В то же время и сама дивергенция как конфигуратор русской культуры несла в себе не только функцию дифференциации, или разделения надвое, но и специфически лонятую интегративную цель-смысл — задачу первичного структурирования аморфного целого: ведь дивергенция в русской культурной истории “надстраивалась” над кумуляцией, логически следовала за ней и вытекала из нее. Поэтому дивергентное развитие русской культуры не вело ее к распаду, расщеплению или взрыву, но удерживало возникшие (в результате инверсионного разделения исходного единства) противоположности в рамках противоречивой, бинарной целостности (амбивалентных фреймов, складывающихся и сопрягающихся между собой по принципу “взаимоупора”).

Дивергентное развитие русской культуры в XVIII-XIX вв. привело к кристаллизации устойчивого российского феномена бинарности; непримиримые оппозиции составляли первоначально неотделимые друг от друга и генетически единые интенции отечественной культуры: сторонники и противники петровских реформ; либералы и консерваторы; западники и славянофилы; космополитизм и почвенничество; материализм и идеализм; атеизм и религиозные искания; естествознание и гуманитарные науки; радикализм и охранение; действительность и искусство и т. п. История культуры и культурная жизнь в России, благодаря господству дивергенции, превратились в перманентный спор, незавершенный и в принципе незавершимый диалог, полифоническое сочетание несводимых друг к другу и полемически заостренных явлений. Соответственно (дихотомично) определилась и концепция цивилизационной вненаходимости России ( Россия как “своеобразная цивилизация”, не принадлежащая ни к Западу, ни к Востоку, у П.Чаадаева; “Россия и Европа” Н.Данилевского; “Византизм и славянство” К.Леонтьева; Россия и “всемирность” у Ф.Достоевского и т. д. ).

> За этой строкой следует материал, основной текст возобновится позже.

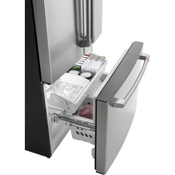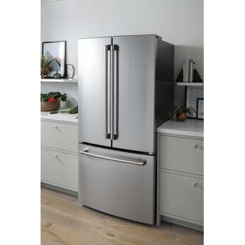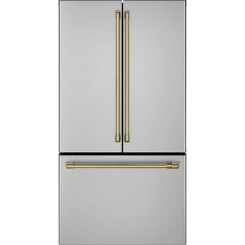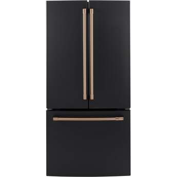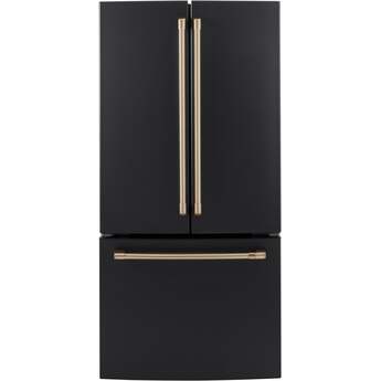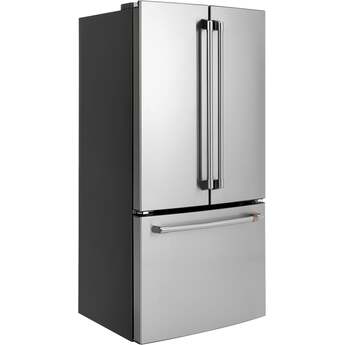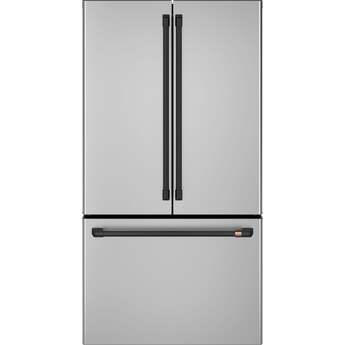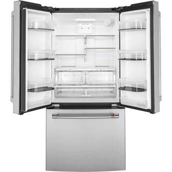 This counter-depth french door refrigerator by Cafe has 18.6 cu. ft. total capacity, and features ConnectPlus, turbo cool setting, multiflow air system with electronic sensors, factory installed ice maker, and is Energy Star Certified.

В 60-е — 70-е годы XIX в. в русской культуре восторжествовал лозунг и принцип “Примирения нет! ”, — одинаково поддержанный радикалами и консерваторами, правительственным официозом и оппозицией и приведший к трагически безысходному взаимному непониманию, даже взаимной неуслышанности различных течений, пластов и явлений русской культуры. Апофеозом радикальной непримиримости в обществе стал расцвет терроризма в России, — не только социального и политического экстремизма, и криминализации общественной жизни, но и мощного и своеобразного культурного явления, сочетавшего в себе идеологическую модель, нравственное самооправдание, религиозное подвижничество, эстетизацию личной жертвенности и героизма во имя великих общественных целей (благо народа) и гуманистических (в конечном счете) идеалов. Помимо демонстративной нравственной, религиозной, политической, эстетической и т. п. амбивалентности, русский терроризм как феномен культуры (характернейшими его представителями стали В.Засулич и Б.Савинков [В.Ропшин]) знаменовал собой исчерпанность “собственно культурных” — в традиционном понимании, т. е. духовных—средств убеждения и воздействия на общество (например, литературы, публицистики, критики, искусства, философии, ) и выдвижение на первый план культуры социально-практических, экстремистских, а потому сильно действующих — в силу своей нравственно-религиозной “недозволенности”, политической и правовой “запрещенности” — действий, поступков, ненормативных актов, а именно — непосредственного и ничем не ограниченного насилия, первоначально индивидуального, а затем и массового, даже тотального.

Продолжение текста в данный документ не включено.